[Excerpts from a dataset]
------------------------------------------------------------------------

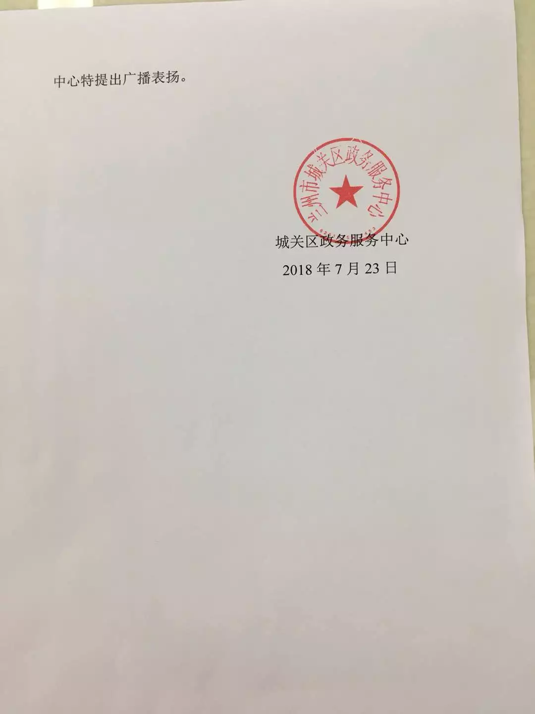 ▲城關(guān)區(qū)政務(wù)服務(wù)中心給城關(guān)物業(yè)馬文貴和余會(huì)明的感謝信
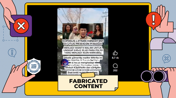 Unggahan berisi klaim “Prabowo perintahkan Letnan Handayani untuk menyamar demi ungkap polisi yang jadi agen narkoba” merupakan konten palsu (fabricated content).
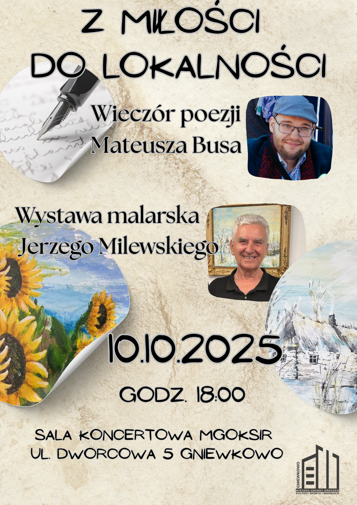 W piątkowy wieczór 10 października w sali koncertowej MGOKSiR, swoje artystyczne spojrzenie na otaczającą nas rzeczywistość zaprezentują: Jerzy Milewski i Mateusz Bus,
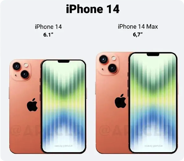 首先,也是最明顯的,iPhone 14 非 Pro 型號(hào)正在從 mini 和標(biāo)準(zhǔn)型號(hào)變?yōu)闃?biāo)準(zhǔn)版和 Max 型號(hào)。
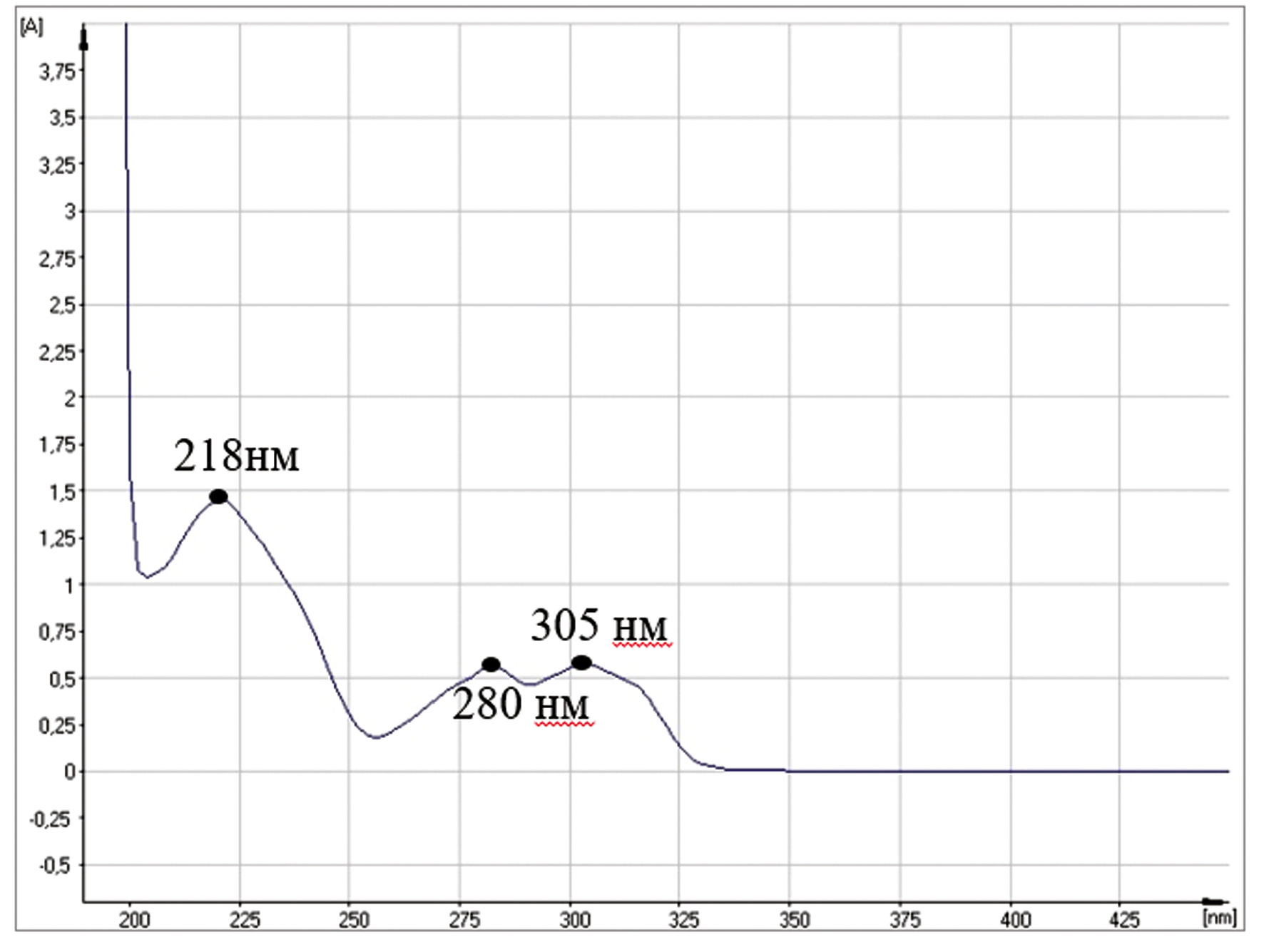 Результаты исследования показали, что оптимальными параметрами экстракции являются: степень измельчения сырья до размера частиц 2 мм, однократное извлечение 70 % этиловым спиртом на кипящей водяной бане в течение 45 мин в соотношении «сырье : экстрагент» — 1 : 30. Ультрафиолетовый спектр извлечения из травы мачка желтого имеет 3 характерных максимума: 218, 280 и 305 нм, также в диагностике глауцина имеет значение характер кривой поглощения (рис.).
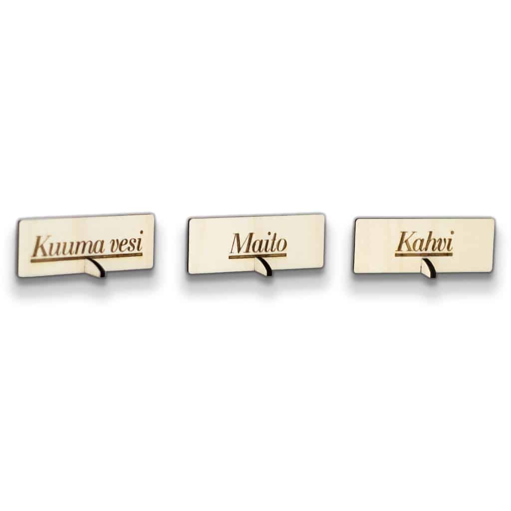 – “Kahvi”, “Tee”, “Kuuma Vesi”, “Maito”, “Kauramaito”, “Kerma”
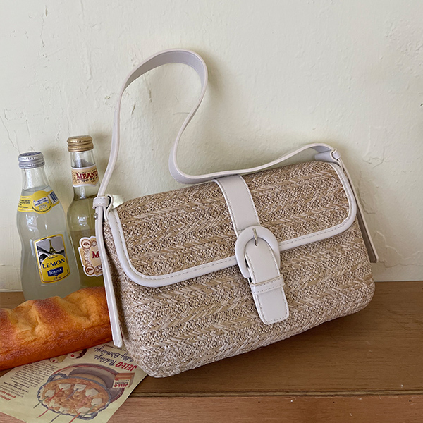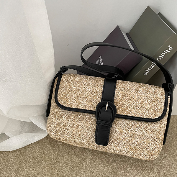 Rattan Leather Belted Square Shoulder Bag
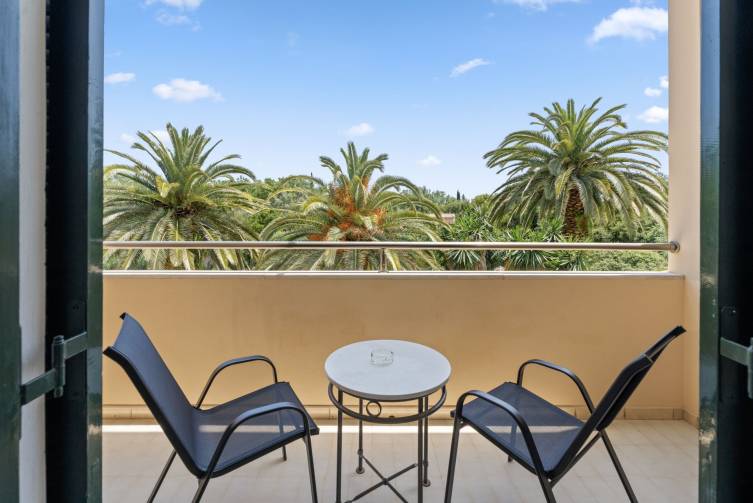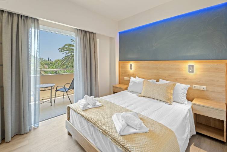 Doppelzimmer DeLuxe renoviert, mit Kingsize-Bett, im 3. Stock gelegen, Balkon mit Garten- oder Poolblick, ca. 12 m²;

------------------------------------------------------------------------

▶ _The task_:
Give the lines of the entries above exactly as they appear, leaving out each picture.

▶ _Solution to this exercise_:
 ▲城關(guān)區(qū)政務(wù)服務(wù)中心給城關(guān)物業(yè)馬文貴和余會(huì)明的感謝信
 Unggahan berisi klaim “Prabowo perintahkan Letnan Handayani untuk menyamar demi ungkap polisi yang jadi agen narkoba” merupakan konten palsu (fabricated content).
 W piątkowy wieczór 10 października w sali koncertowej MGOKSiR, swoje artystyczne spojrzenie na otaczającą nas rzeczywistość zaprezentują: Jerzy Milewski i Mateusz Bus,
 首先,也是最明顯的,iPhone 14 非 Pro 型號(hào)正在從 mini 和標(biāo)準(zhǔn)型號(hào)變?yōu)闃?biāo)準(zhǔn)版和 Max 型號(hào)。
 Результаты исследования показали, что оптимальными параметрами экстракции являются: степень измельчения сырья до размера частиц 2 мм, однократное извлечение 70 % этиловым спиртом на кипящей водяной бане в течение 45 мин в соотношении «сырье : экстрагент» — 1 : 30. Ультрафиолетовый спектр извлечения из травы мачка желтого имеет 3 характерных максимума: 218, 280 и 305 нм, также в диагностике глауцина имеет значение характер кривой поглощения (рис.).
 – “Kahvi”, “Tee”, “Kuuma Vesi”, “Maito”, “Kauramaito”, “Kerma”
 Rattan Leather Belted Square Shoulder Bag
 Doppelzimmer DeLuxe renoviert, mit Kingsize-Bett, im 3. Stock gelegen, Balkon mit Garten- oder Poolblick, ca. 12 m²;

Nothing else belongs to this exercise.